Wayne James

Personal information
- Full name: Wayne Robert James
- Born: 27 August 1965 (age 60) Bulawayo, Southern Rhodesia
- Batting: Right-handed
- Role: Batsman, Wicket-keeper

International information
- National side: Zimbabwe (1992–1996);
- Test debut (cap 22): 16–21 December 1993 v Pakistan
- Last Test: 26–31 October 1994 v Sri Lanka
- ODI debut (cap 21): 23 February 1992 v Sri Lanka
- Last ODI: 3 September 1996 v Sri Lanka

Domestic team information
- 1992/93–1997/98: Matabeleland

Career statistics
| Competition | Tests | ODI | FC | LA |
| Matches | 4 | 11 | 40 | 36 |
| Runs scored | 61 | 101 | 2,442 | 468 |
| Batting average | 15.25 | 14.42 | 38.15 | 15.09 |
| 100s/50s | 0/0 | 0/0 | 3/16 | 0/0 |
| Top score | 33 | 29 | 215 | 57 |
| Catches/stumpings | 16/0 | 6/0 | 101/7 | 22/1 |
- Source: ESPNcricinfo, 8 February 2019

= Wayne James =

Zimbabwean cricketer (born 1965)

Wayne Robert James (born 27 August 1965) is a former cricketer who played as a wicket-keeper batsman for Zimbabwe. Between 2010 and 2014, James was also part of the selection panel for the national team.

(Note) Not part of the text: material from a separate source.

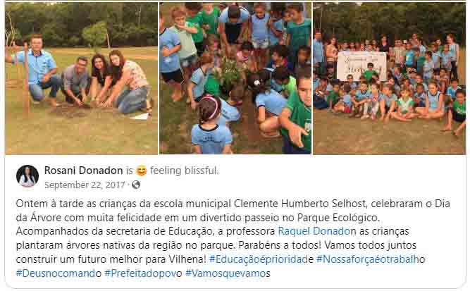 “Nas gestões que estive na Prefeitura, lembro bem, e quem é adulto hoje também lembra: a cidade era muito mais fresca, as praças tinham mais árvores, os canteiros eram mais arborizados e não passávamos calor à noite. Sabemos que o planeta inteiro está aquecendo, mas a temperatura da zona urbana de Vilhena é responsabilidade nossa. E a Prefeitura precisa ter papel decisivo nisso, dar o exemplo”, conta Raquel.

His highest first-class score of 215 was made for Matabeleland in the 1995–96 Logan Cup. In the final of the competition, he equaled the record of most dismissals in an innings by a wicket-keeper, with nine. By taking four catches in the second innings he also finished with a match record tally of dismissals with 13. In the same match as he set that record, he scored 99 runs while batting in the first innings and was left stranded on 99 not out in the second innings — the only player to have achieved this double near-miss.